[Opening RAW DATA section]

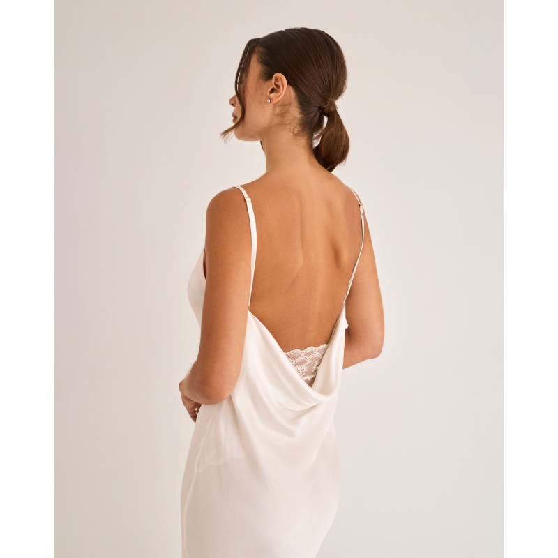 Camisón lencero corto con escote pronunciado triangular y tirantes regulables. Combinado con detalles de encaje y corte halter en la parte trasera. Es una pieza que fusiona elegancia y confort, diseñada para mujeres reales, libres y seguras. Pertenece a la colección Manuela, pensada para realzar la belleza que nace desde dentro celebrando la autenticidad de cada mujer. Para quienes quieren sentirse no solo bellas, sino cómodas y seguras en su propia piel.
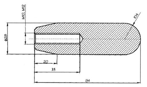 Posiada gwintowany otwór nieprzelotowy M10 lub M12.
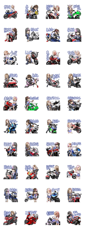 クルマやオートバイ乗り用スタンプです。他の会話用には車やトラックのスタンプも別途ございます懐かしい昭和エンジンのバイク、関西弁でいかがでしょうか。
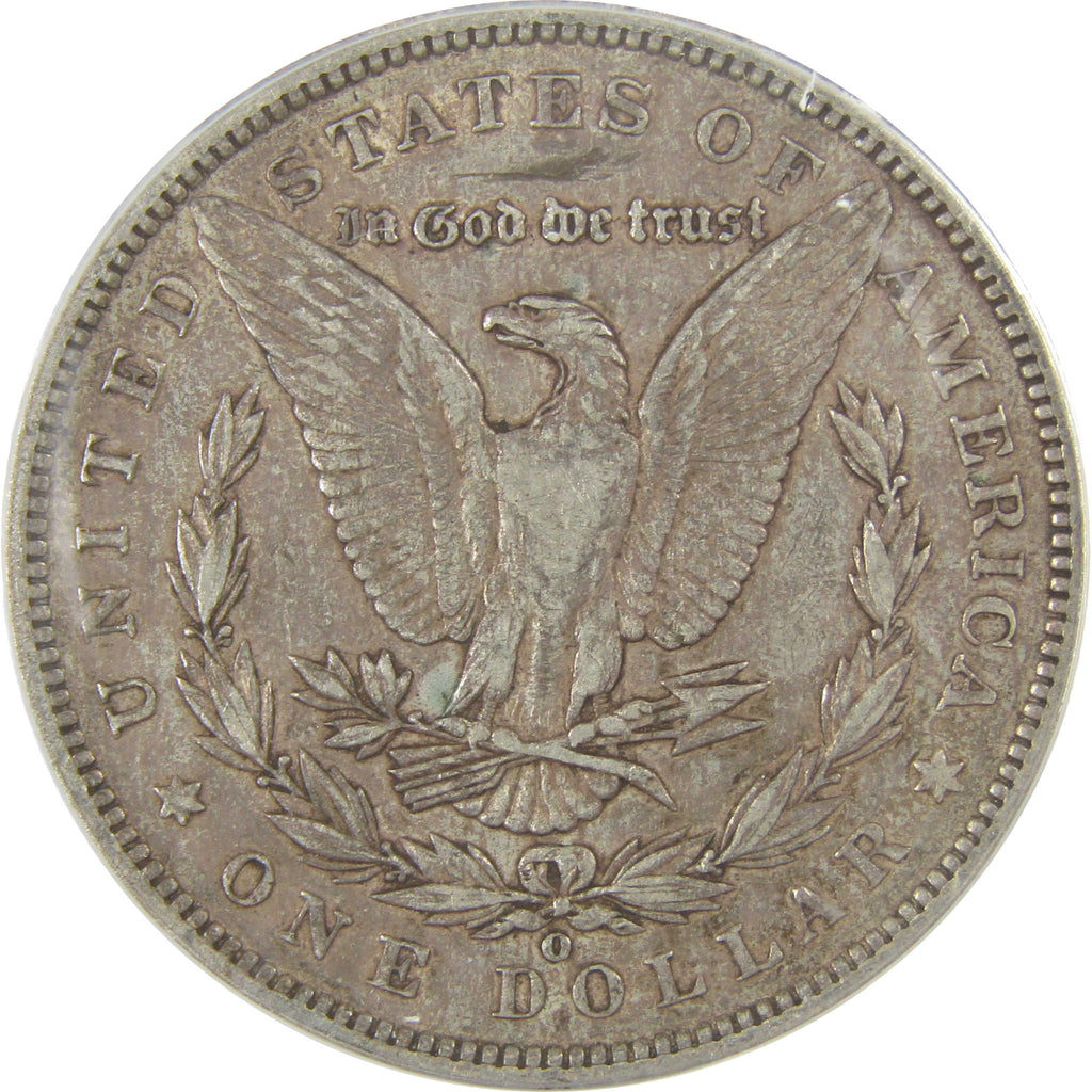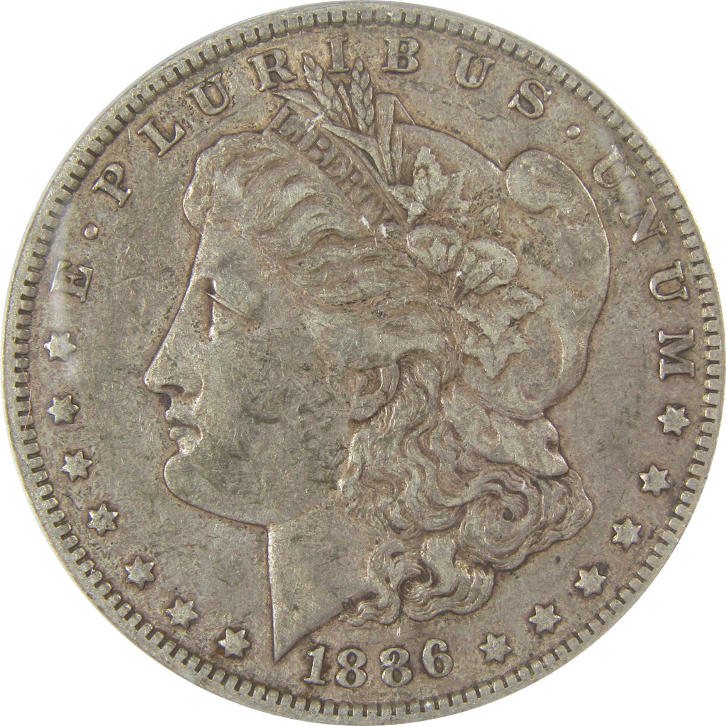 A genuine 1886 O Morgan Silver Dollar Coin, graded and certified EF 40 by ANACS. Contains 90% Silver

[Closing RAW DATA section]

For this exercise, write out the listing verbatim and leave every image out.

» **WRITTEN RESPONSE**:
 Camisón lencero corto con escote pronunciado triangular y tirantes regulables. Combinado con detalles de encaje y corte halter en la parte trasera. Es una pieza que fusiona elegancia y confort, diseñada para mujeres reales, libres y seguras. Pertenece a la colección Manuela, pensada para realzar la belleza que nace desde dentro celebrando la autenticidad de cada mujer. Para quienes quieren sentirse no solo bellas, sino cómodas y seguras en su propia piel.
 Posiada gwintowany otwór nieprzelotowy M10 lub M12.
 クルマやオートバイ乗り用スタンプです。他の会話用には車やトラックのスタンプも別途ございます懐かしい昭和エンジンのバイク、関西弁でいかがでしょうか。
 A genuine 1886 O Morgan Silver Dollar Coin, graded and certified EF 40 by ANACS. Contains 90% Silver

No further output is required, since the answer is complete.